### Task:
The reply should contain every entry exactly as given, with no pictures in it.

### Dataset records:
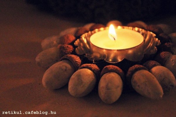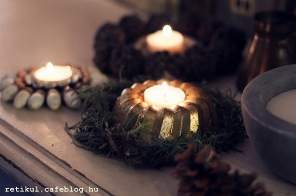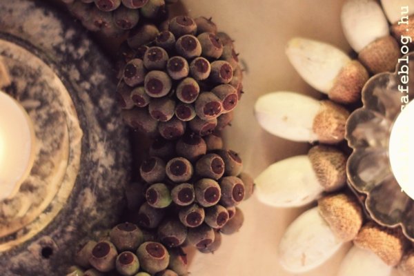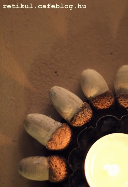 Még az ősszel gyűjtöttük,kiválogattuk,azokat,melyekbe feltehetőleg nem mászott semmi,befestettük fehérre,a kalapokat rá…egy karton körre ragasztottuk…közepébe a nagyi sütiformája,bele pedig gyertya.
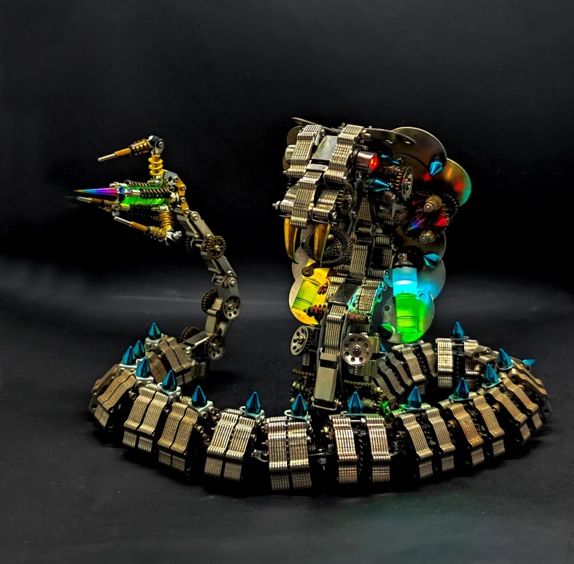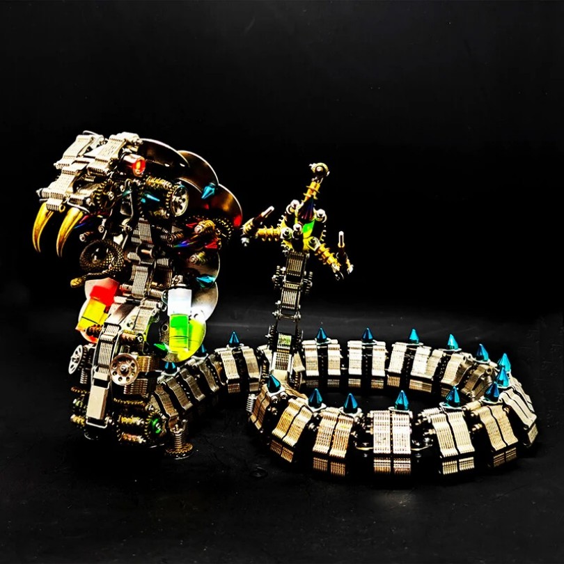 Unleash the power of engineering and art with the Mechanical King Cobra Model Kit – an awe-inspiring 1200-piece 3D metal puzzle that brings the legendary king cobra to life in stunning detail. Designed for adult model builders, hobbyists, and collectors, this mechanical puzzle kit combines high-tech cyberpunk aesthetics, precision engineering, and innovative LED lighting for a one-of-a-kind creation.
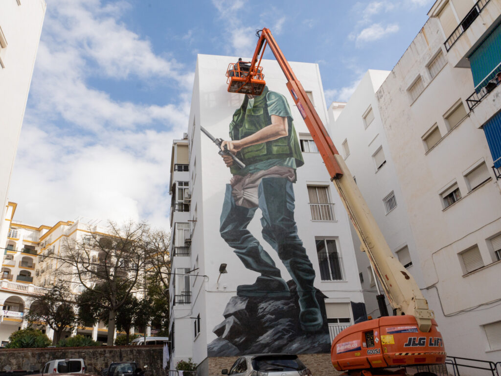 El Ayuntamiento de Estepona ha comenzado la restauración del mural ‘Día de Pesca’, una obra de arte urbano de casi mil metros cuadrados realizada en 2014 en la barriada Isabel Simón, que se vio afectada por trabajos de reparación contra humedades en la fachada principal del edificio.
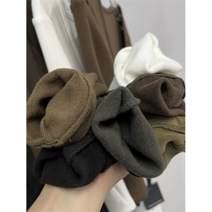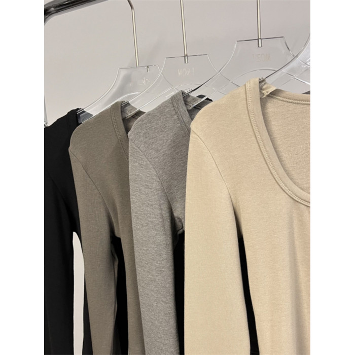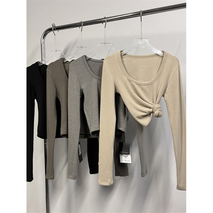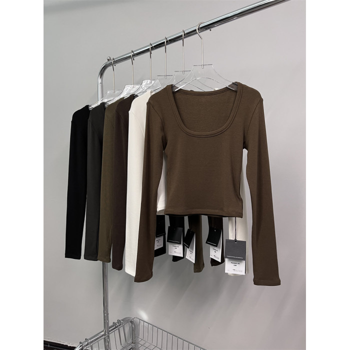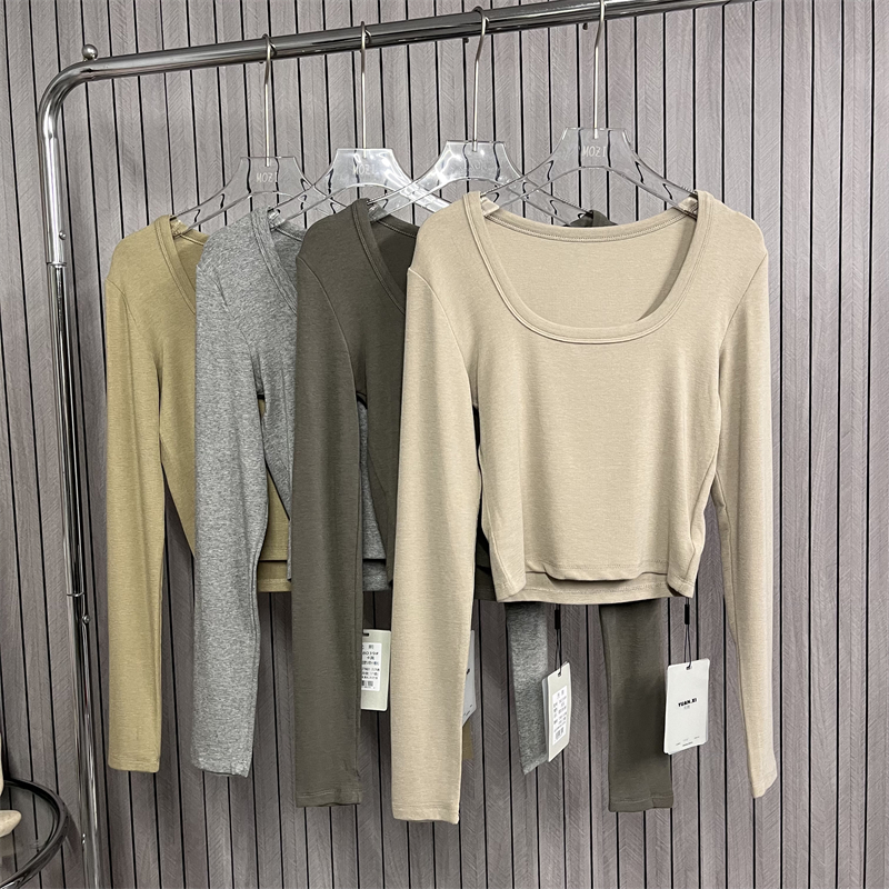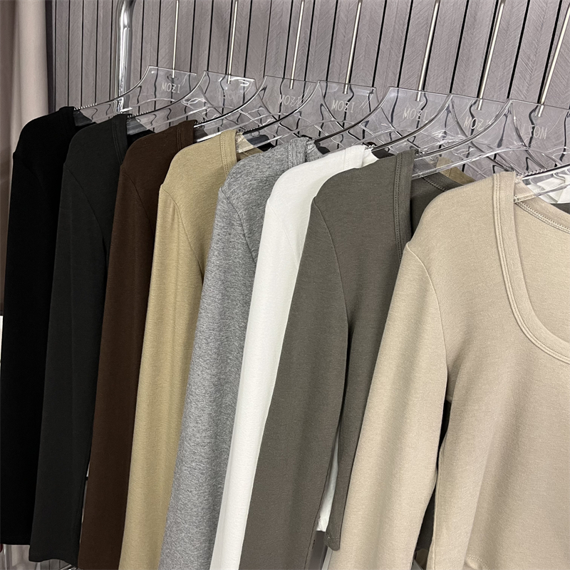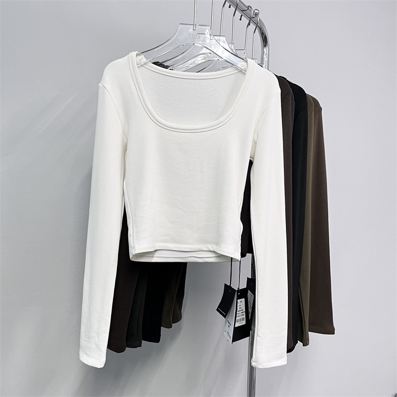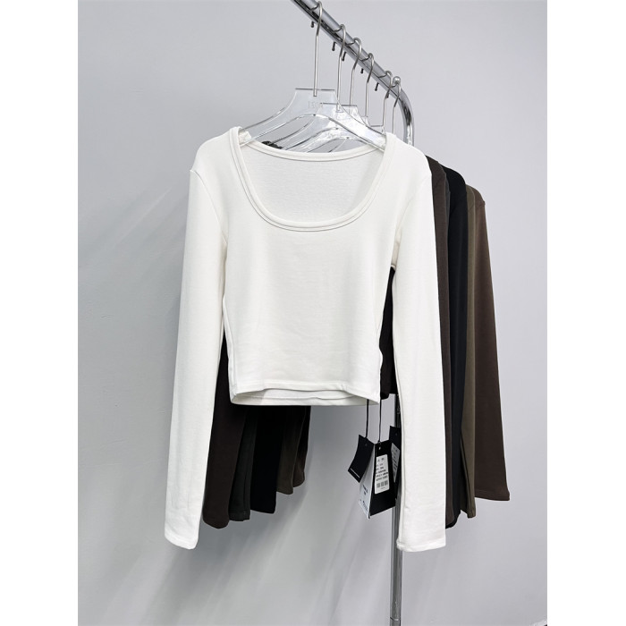 元熙8078秋冬新款純色簡約百搭高彈修身短款U領長袖T恤女加絨上衣
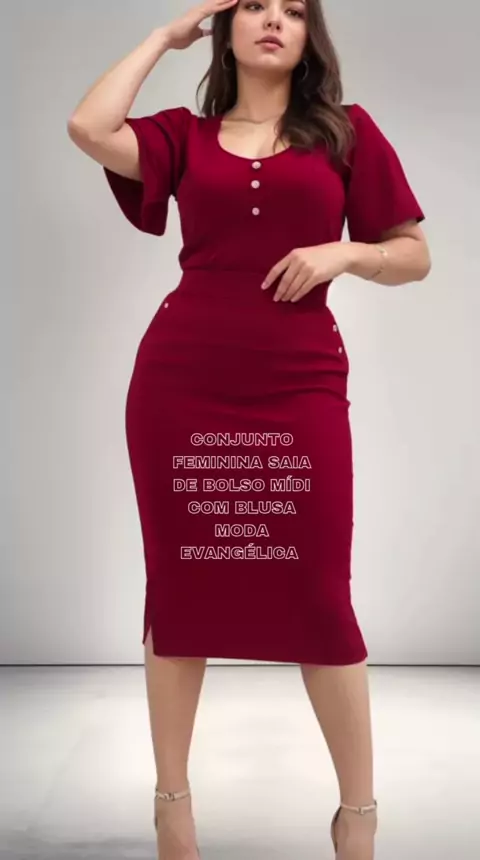 ✨Confira nosso novo **Conjunto Feminino Saia Bolsa Midi Com Blusa Moda Evangélica Plus**! 🌟 Este conjunto elegante na cor Marsala é perfeito para qualquer ocasião. Com mais de 500 unidades vendidas e uma avaliação de 4.3 estrelas, este look é um sucesso garantido. A blusa possui botões decorativos e mangas soltas, enquanto a saia midi vem com bolsos práticos. Não perca a chance de adicionar este conjunto versátil e estiloso ao seu guarda-roupa! 🔗 Gostou? Comenta eu quero que te envio o Link!
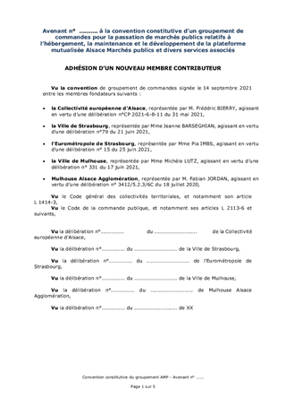 Afin de lancer une nouvelle consultation pour disposer d'un nouveau marché public d’hébergement et de maintenance avec un prestataire en vue de renouveler le marché actuel, et ainsi assurer une continuité de fonctionnement de la plateforme et afin de développer des services complémentaires à ceux proposés par la plateforme, un nouveau groupement de commandes a été constitué par délibération en date du 31 mai 2021. Il s’agit désormais d’approuver l’adhésion à ce groupement déjà constitué de trois nouveaux membres contributeurs, par la conclusion de trois avenants à la convention constitutive de groupement de commande signée le 14 septembre 2021.

### Output of the task:
 Még az ősszel gyűjtöttük,kiválogattuk,azokat,melyekbe feltehetőleg nem mászott semmi,befestettük fehérre,a kalapokat rá…egy karton körre ragasztottuk…közepébe a nagyi sütiformája,bele pedig gyertya.
 Unleash the power of engineering and art with the Mechanical King Cobra Model Kit – an awe-inspiring 1200-piece 3D metal puzzle that brings the legendary king cobra to life in stunning detail. Designed for adult model builders, hobbyists, and collectors, this mechanical puzzle kit combines high-tech cyberpunk aesthetics, precision engineering, and innovative LED lighting for a one-of-a-kind creation.
 El Ayuntamiento de Estepona ha comenzado la restauración del mural ‘Día de Pesca’, una obra de arte urbano de casi mil metros cuadrados realizada en 2014 en la barriada Isabel Simón, que se vio afectada por trabajos de reparación contra humedades en la fachada principal del edificio.
 元熙8078秋冬新款純色簡約百搭高彈修身短款U領長袖T恤女加絨上衣
 ✨Confira nosso novo **Conjunto Feminino Saia Bolsa Midi Com Blusa Moda Evangélica Plus**! 🌟 Este conjunto elegante na cor Marsala é perfeito para qualquer ocasião. Com mais de 500 unidades vendidas e uma avaliação de 4.3 estrelas, este look é um sucesso garantido. A blusa possui botões decorativos e mangas soltas, enquanto a saia midi vem com bolsos práticos. Não perca a chance de adicionar este conjunto versátil e estiloso ao seu guarda-roupa! 🔗 Gostou? Comenta eu quero que te envio o Link!
 Afin de lancer une nouvelle consultation pour disposer d'un nouveau marché public d’hébergement et de maintenance avec un prestataire en vue de renouveler le marché actuel, et ainsi assurer une continuité de fonctionnement de la plateforme et afin de développer des services complémentaires à ceux proposés par la plateforme, un nouveau groupement de commandes a été constitué par délibération en date du 31 mai 2021. Il s’agit désormais d’approuver l’adhésion à ce groupement déjà constitué de trois nouveaux membres contributeurs, par la conclusion de trois avenants à la convention constitutive de groupement de commande signée le 14 septembre 2021.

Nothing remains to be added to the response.